• _EXERCISE DATA_:

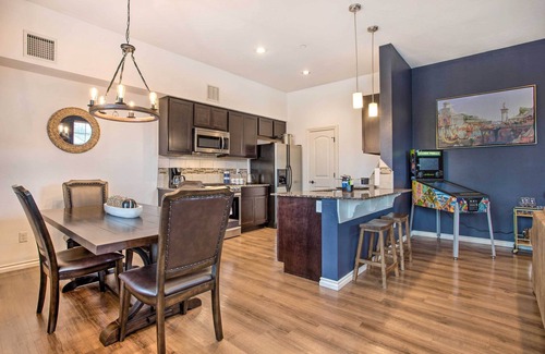 Discover Oklahoma’s unique charm at this Edmond townhome with a patio, a workspace featuring a complimentary computer and a whiteboard, a huge walk-in closet, and more! This 2-bedroom, 2.5-bath vacation rental is conveniently located near outdoor activities and fun attractions: enjoy days on the water at Lake Arcadia, catch a Thunder game at Paycom Stadium, or visit the University of Central Oklahoma! Then, return home and watch a movie on the Smart TV or play on the pinball machine!
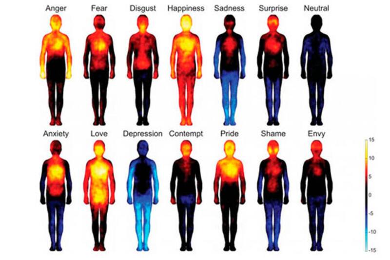 Por ejemplo, la investigación mostró que "el sentimiento de felicidad abarca casi todo el cuerpo, y es muy similar al amor. El orgullo y la ira son prácticamente iguales, lo mismo que el miedo, la ansiedad y el asco".
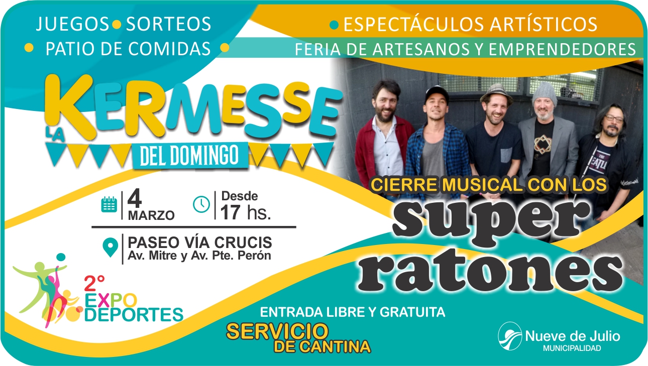 El venidero domingo 4 de marzo a partir de las 17 hs. en el Paseo del Vía Crucis (Av. Mitre y Av. Pte. Perón), tendrá lugar el gran cierre artístico – cultural y musical del proyecto “La Kermesse del Domingo”, llevado adelante por la Dirección de Cultura de la Municipalidad de Nueve de Julio.
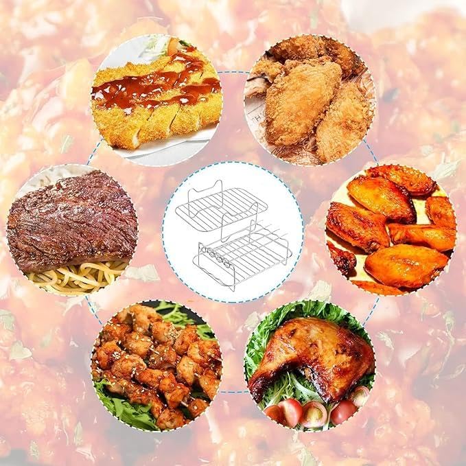 - مصنوع من الستانلس ستيل عالي الجودة، يضمن رف المقلاة الهوائية هذا متانة طويلة الأمد وأمان عالي، خالٍ من البلاستيك أو المواد الضارة، مما يجعله مثاليًا للاستخدام اليومي دون التنازل عن الصحة أو الجودة.
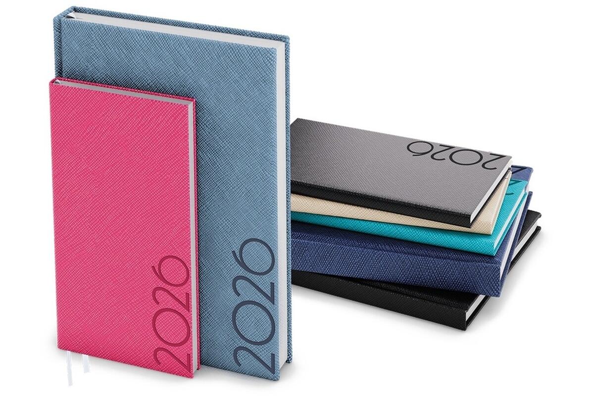 - neobyčejný diář s lesklým povrchem ze strukturovaného materiálu s ražbou roku

• _PROBLEM DESCRIPTION_: Lines from the one holding "Por ejemplo, la" down to the last line of the entries above must be retyped exactly, inclusive of both, with no pictures and nothing else.

• _RESPONSE AREA_:
 Por ejemplo, la investigación mostró que "el sentimiento de felicidad abarca casi todo el cuerpo, y es muy similar al amor. El orgullo y la ira son prácticamente iguales, lo mismo que el miedo, la ansiedad y el asco".
 El venidero domingo 4 de marzo a partir de las 17 hs. en el Paseo del Vía Crucis (Av. Mitre y Av. Pte. Perón), tendrá lugar el gran cierre artístico – cultural y musical del proyecto “La Kermesse del Domingo”, llevado adelante por la Dirección de Cultura de la Municipalidad de Nueve de Julio.
 - مصنوع من الستانلس ستيل عالي الجودة، يضمن رف المقلاة الهوائية هذا متانة طويلة الأمد وأمان عالي، خالٍ من البلاستيك أو المواد الضارة، مما يجعله مثاليًا للاستخدام اليومي دون التنازل عن الصحة أو الجودة.
 - neobyčejný diář s lesklým povrchem ze strukturovaného materiálu s ražbou roku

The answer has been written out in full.